Walmart was pretty low on light bulbs when I went there last so I am going to see what they have today and if I can't find anything then I will just find one at the pet store.

I prefer the look of sand over gravel.... I just might be switching over then!


----------



## BettaMummy87 (Jul 26, 2014)

I prefer it too.  And like you, I love that black sand.


----------



## BlueSky (Jan 26, 2014)

Would two 10 watt 6500k bulbs work for a 10 gallon? Those are the only tube light bulbs I can find with kelvin rating higher than 5000K. Thinking about just not using my light hood and use the clip on lights since those are easier to find the right bulbs for.

Also, would it be considered low or moderate lighting?


----------



## BlueSky (Jan 26, 2014)

Also the plants that come in the tubes from petco/petsmart do they need to be quarantined?


----------



## BettaMummy87 (Jul 26, 2014)

Without a meter its hard to be certain, what is the depth of the tank and how hig above the water level would the bulbs be set? 

I would hazard a guess at moderate, unless you are mounting them pretty high and/or the tank is deep. 

No idea on the tube plants, we dont get them here. :/ I QT the ones in tubs, if it is a species I am worried about. TBH I pop them in with the QT fish, save having multiple tanks running. Be aware there is an ANubias issue the last few years, so any borwning or smell from the rhizome and it should be segregated from all other anubias (_Echinodorus_ species and _Hygrophila corymbosa _have also been reported to be affected). Dont let it put you off, but maybe QT anubias seperately from any of those other species. _
_


----------



## ZZD (Jan 13, 2013)

I use black sand in my tank and I do have shrimp, but I also use a turkey baster I bought for my tank to clean up the tank as needed. I have one of the hinged glass lids that is always opened and Other than needing water added at least once a week I have no issues with it.


----------



## BlueSky (Jan 26, 2014)

BettaMummy87 said:


> Without a meter its hard to be certain, what is the depth of the tank and how hig above the water level would the bulbs be set?
> 
> I would hazard a guess at moderate, unless you are mounting them pretty high and/or the tank is deep.
> 
> ...


The tank is a standard rectangle 10 gallon tank. From the base of the tank to top of water level is 9 3/4 inches and there is about half an inch of gravel(soon to be changed out with sand). The light bulb is about 2 inches about the water.

I actually have some plants coming from Umar so I probably won't get any tube plants now.



ZZD said:


> I use black sand in my tank and I do have shrimp, but I also use a turkey baster I bought for my tank to clean up the tank as needed. I have one of the hinged glass lids that is always opened and Other than needing water added at least once a week I have no issues with it.


Yes that reminds me I need to get a turkey baster!


----------



## Oldfishlady (Mar 1, 2010)

I use and buy my light bulbs from about any store that has a lighting dept-usually walmart-I use the GE brand 6500k daylight-watts depends on the bulb size and that can vary from 10-40watts in my case.

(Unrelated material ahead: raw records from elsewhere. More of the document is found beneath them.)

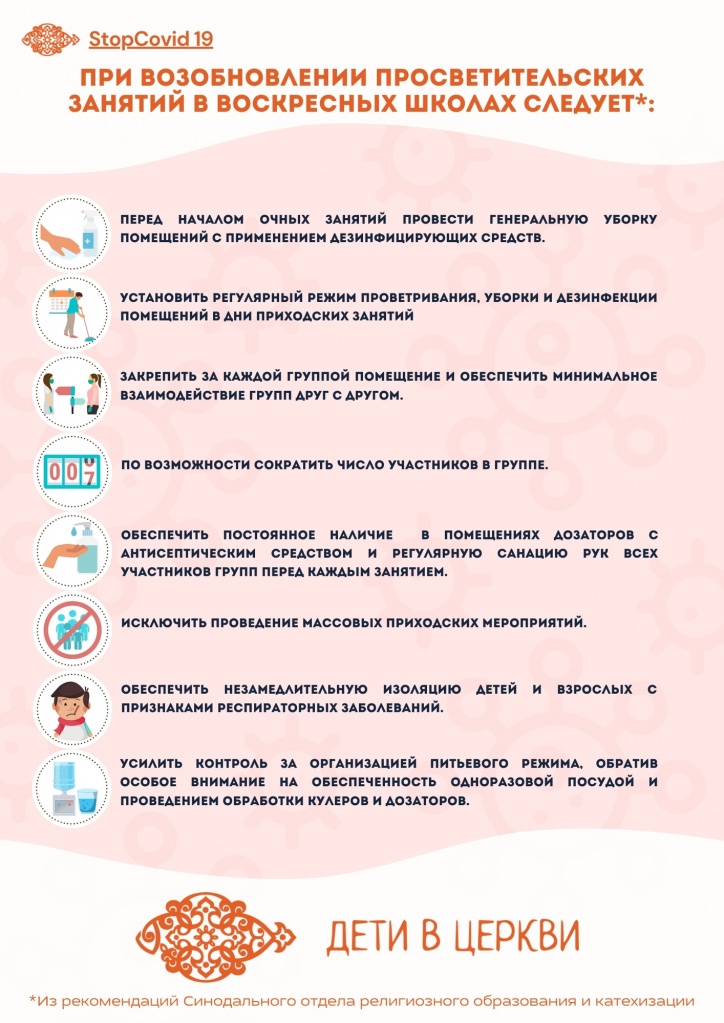Как сообщал портал «Приходы», рекомендации в связи с возобновлением очных приходских занятий в условиях сохранения риска распространения коронавирусной инфекции опубликовал на днях Синодальный отдел религиозного образования и катехизации. Мы подготовили для наших читателей инфографику, которая поможет ознакомиться с этими правилами. Изображение большого разрешения в разных форматах можно скачать по приводимым ниже ссылкам и использовать на вашем приходе.
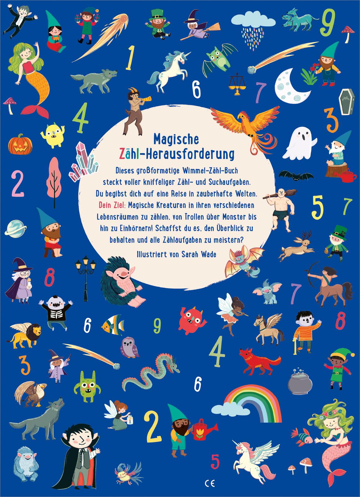 Dieses großformatige Wimmel-Zähl-Buch steckt voller Zähl- und Suchaufgaben, die dich herausfordern. Du begibst dich auf eine Reise in ganz verschiedene Zauberwelten. Dein Ziel: Alle Zauberwesen in ihren verschiedenen Lebensräumen zu zählen! Schaffst du es, den Überblick zu behalten und alle Zählaufgaben zu meistern?
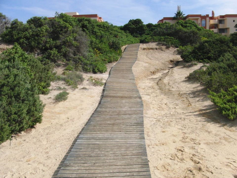Hoteleigener Weg zum Strand über ca. 30m Holzsteg.
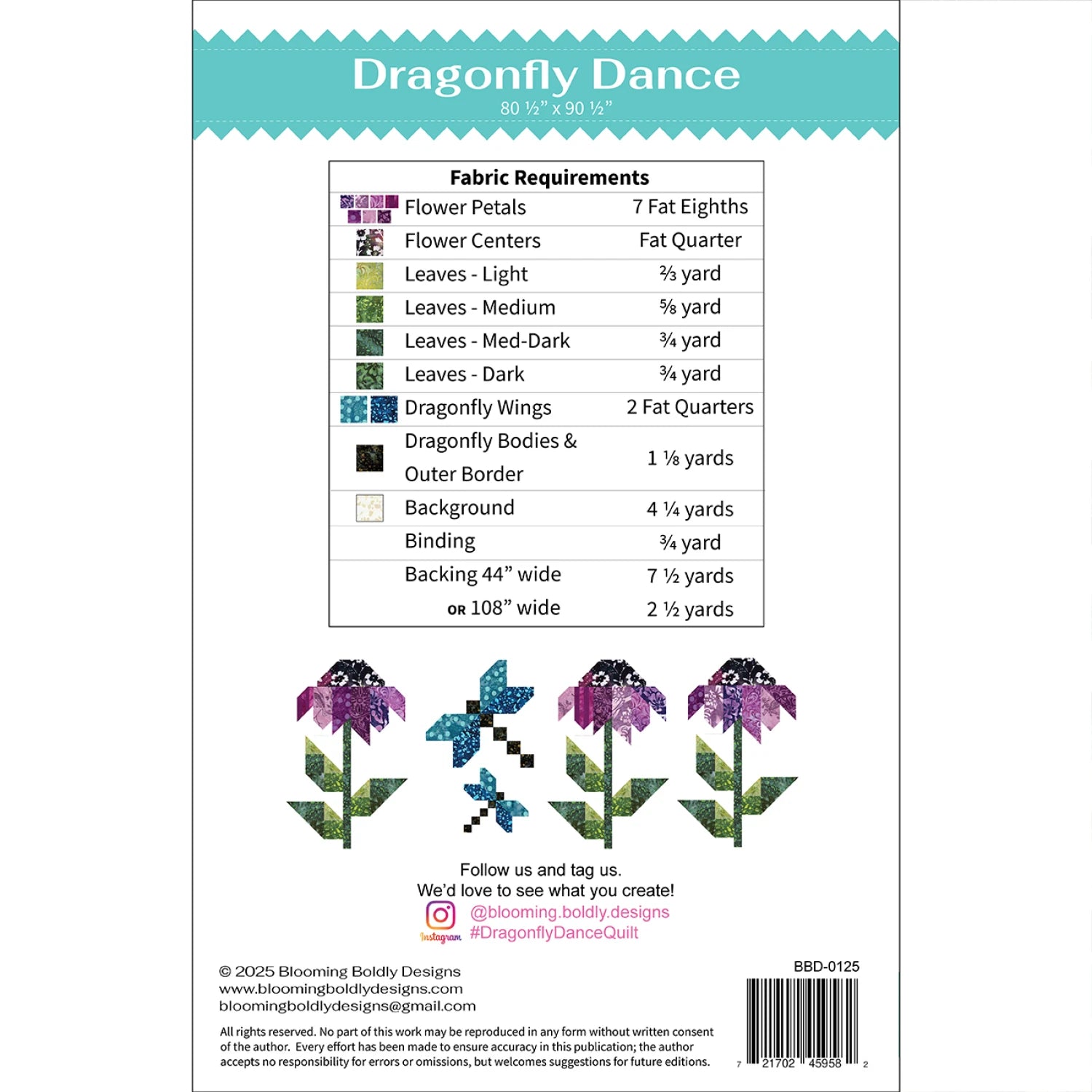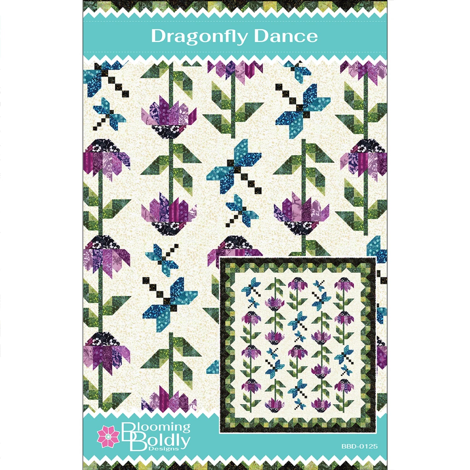 Dragonfly Dance by Leslie Ryan of Blooming Boldly Designs features dragonflies dancing in a field of coneflowers. Traditional piecing methods.
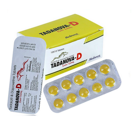 Tadanova D Last Long 80mg je vylepšený generický Cialis 20mg o 60mg Dapoxetine, teda ako dva lieky v jednej tablete. Dapoxetine je už dlho účinným liekom predčasnej ejakulácie a lepšej kontroly nad predčasnou ejakuláciou. Tadanova D 80mg úspešne lieči impotenciu a problémy s erekciou (erektilnej dysfunkcii) a po jeho užití je umožnené skoro každému mužovi dosiahnuť veľmi kvalitné a dlhotrvajúce erekcie a užiť si tak lepšie a dlhší sexuálny styk. Tadanova D 80mg obsahuje látku Tadalafil, ktorá veľmi dobre stimuluje prekrvenie penisu a tým pomáha k ľahkému a rýchlemu dosiahnutiu kvalitnej erekcie a látku Dapoxetine, ktorá úspešne pomáha v boji proti predčasnej ejakulácii. Tadanova D 80mg účinkuje cca po 30-60 minútach od užitia a jeho účinok trvá až 36 hodín. Tadanova D 80mg je obľúbeným liekom na liečbu erektilnej dysfunkcie a predčasnej ejakulácie.
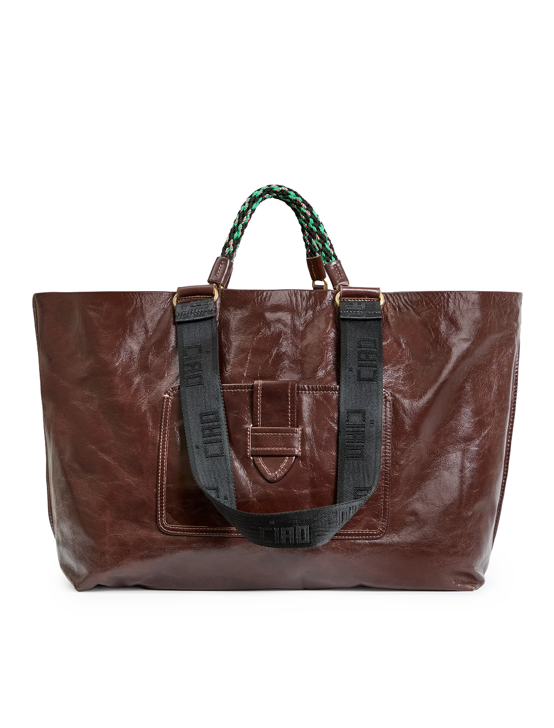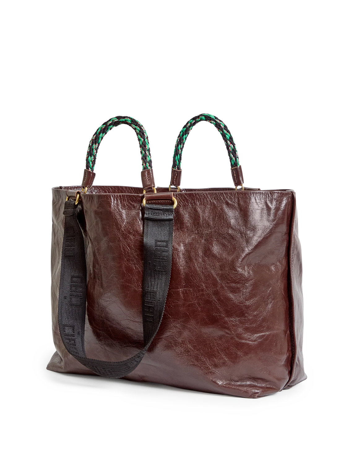 • thin, soft and durable Italian patent crinkle leather, nylon shoulder strap, rope handle
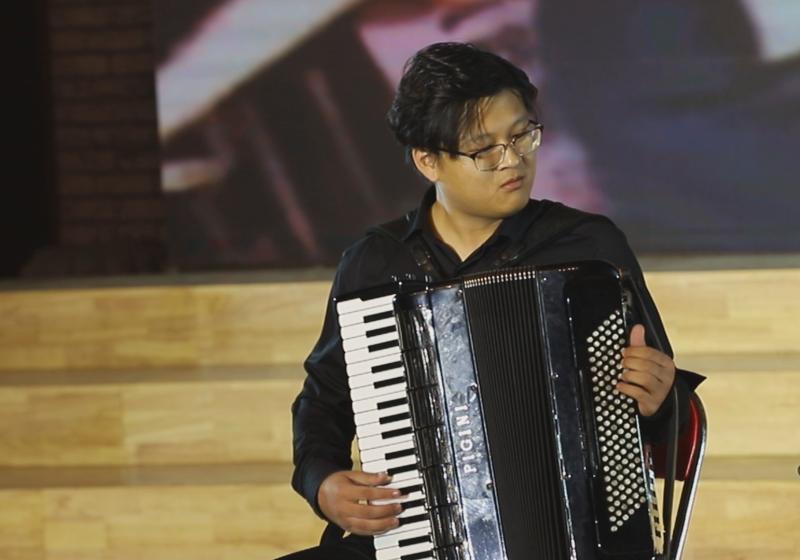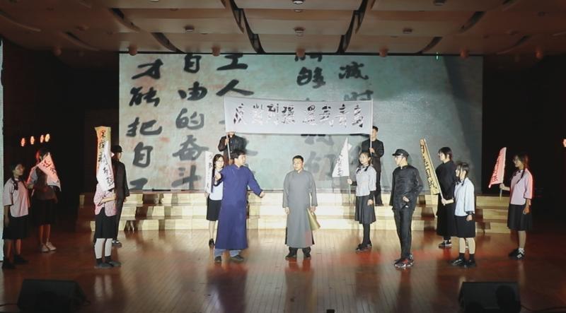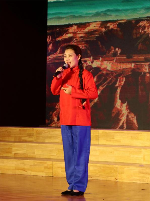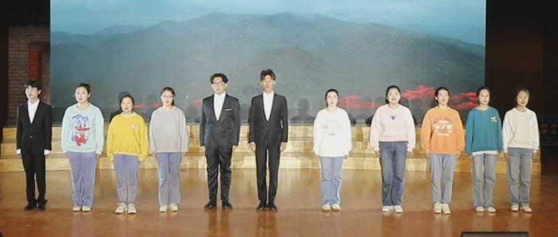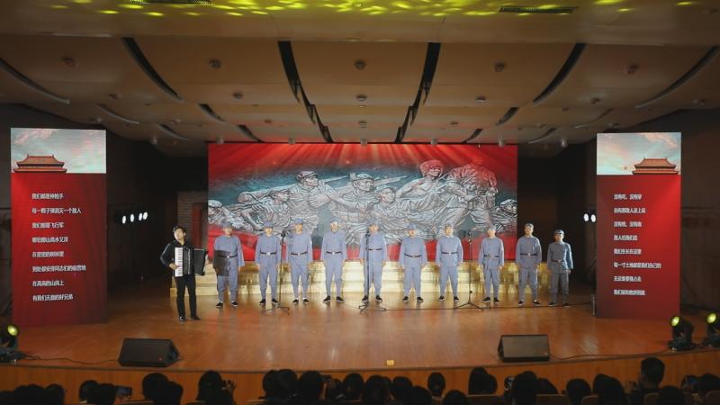 开场曲目民乐合奏《贺司令员到我家》,熟悉的旋律,再现了伟大的无产阶级革命家、军事家贺龙率领的八路军第120师驻扎吕梁12年与晋绥边区人民结下的鱼水情深。欢快的舞蹈《添仓》,表现了晋绥边区人民支援前线打胜仗的情景和对和平生活的美好向往。歌伴舞《习近平总书记来到咱吕梁》,深切表达了吕梁人民牢记嘱托、感恩奋进,打赢脱贫攻坚战、谱写高质量发展的新篇章的坚定信心和决心。诗朗诵《一本书,一座山》,满腔豪情、高亢激昂,讲述了《吕梁英雄传》是吕梁人民血与火的战斗史诗,是吕梁精神的生动教材与文化丰碑,滋养了一代代中华儿女的心灵。“大山就是展开的巨著,巨著就是挺立的大山。”现场师生回味悠长,深受感染与启迪。手风琴独奏《解放区的天》节奏明快、旋律优美,向前辈致敬、向经典致敬、向烽火岁月致敬。根据晋绥边区真实历史故事创作的小品《军妈妈》,堪比沂蒙红嫂、太行奶娘,剧情感人至深,现场观众泪流满面。歌剧《刘胡兰》选段《一道道水来一道道山》、晋剧刘胡兰选段《九月里》,生动再现了刘胡兰平凡而伟大的“生”,慷慨而光荣的“死”。情景剧《回来吧,贺昌》,以时代的名义向英烈致敬,用艺术的手法呈现红色文化的魅力。男生小合唱《游击队歌》,带领观众感受游击队员在敌后艰苦环境中蔑视敌人、战胜困难的革命乐观主义精神,感受同仇敌忾的民族抗争精神,令人心潮澎湃、热血沸腾。《吕梁山大合唱》是迄今为止唯一反映吕梁风情与生活斗争场景的大合唱作品,多声部合唱强化浓郁的民间风味和艺术表现特征,让历史珍宝在新时代熠熠闪光。
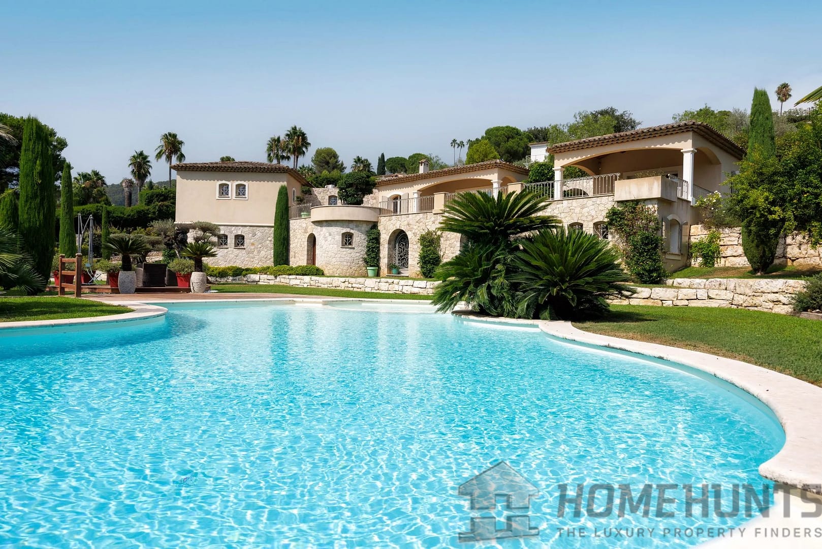 Located just a stone’s throw from the village of Saint-Paul de Vence, this opulent property (approx. 285 m2 + 7-car garage) benefits from a quiet, residential setting and a 2,600 m2 landscaped garden with heated infinity pool.
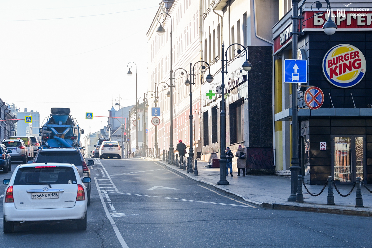Оставлять машины возле кофейни на Океанском проспекте, 30 нельзя. Знак, разрешающий парковку, убрали. Теперь здесь – действующая автобусная полоса.
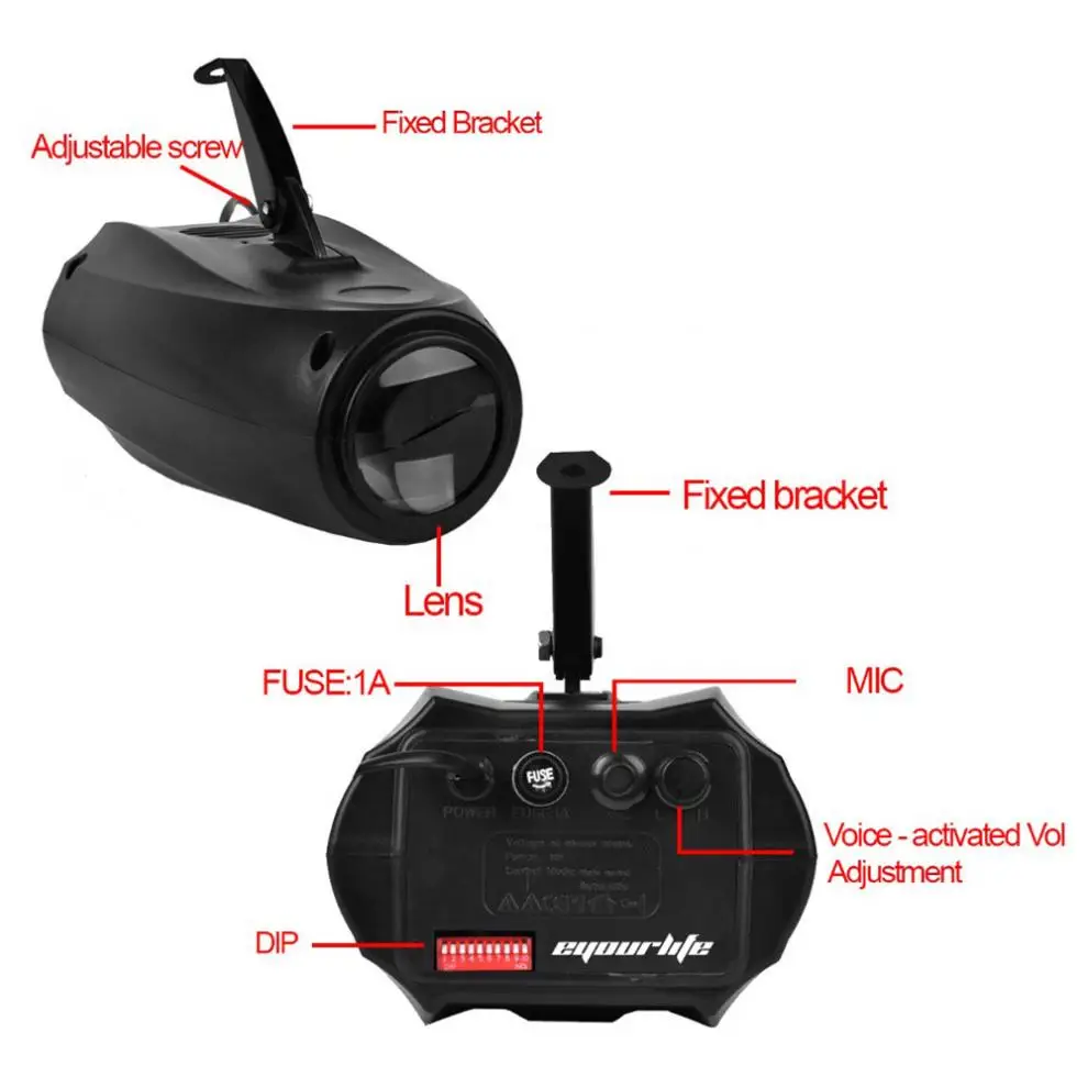 Особенности:-Уникальный внешний вид, выглядит как крутой Маленький дирижабль.-Светодиодный эффект лунного цветка с очень толстыми 4-х цветными световыми лучами красного, зеленого, синего, белого цвета.-Встроенные световые шоу-программы, широкий разворот луча охватывает большую площадь.-Умный размер, легко устанавливается.-Стробоскоп и вращение рисунка со звуковой активацией и автозапуском режимов, сотни динамических изменений.-Подходящие места: диско, Бальные залы, КТВ-залы, бары, сцены, вечеринки и гостиницы, свадьбы и т. Д.

My tanks are all soil based natural planted-no added Co2-only what the tank makes naturally from decomp and lights out-I don't have to use any added ferts since the system generates it for me, however, with the rosette type plants they need a bit more iron (yellowing leaves) sometimes and I will on occasion will need to make some clay balls from the natural clay I harvest around my stock pond and cram around the base of the rosette plants (swords, crypts, val, sags...etc)

I have found keeping the photoperiod at 10-12hr/day to work best for my plants and to keep excessive algae at bay-It normal, expected and a sign of a healthy system to have some algae, however, since these are closed systems it does need to be controlled to a degree.

With florescent light bulbs it is important to change them out at least every 12mo regardless if they are still working or not, due to the color temp is no longer effective for good plant growth. I also change the starter on my florescent bulb light strips the same time I swap out the bulbs-IMO, it a good habit to get into since the starter often will go out and you might think either the light bulb went bad or the light strip itself- when it is just a simple/cheap florescent starter that needed to be changed.

Light penetrating is also important for good plant growth-this is why I removed all my hoods-only using the light strips over the tanks-If using a hood be sure and keep the partition between the light and water really clean for good light penetration to plants.

With live plants I have found success is related more to proper kelvin rating than watts or even plant food-without proper lighting the plants can't use even the best food provided.


----------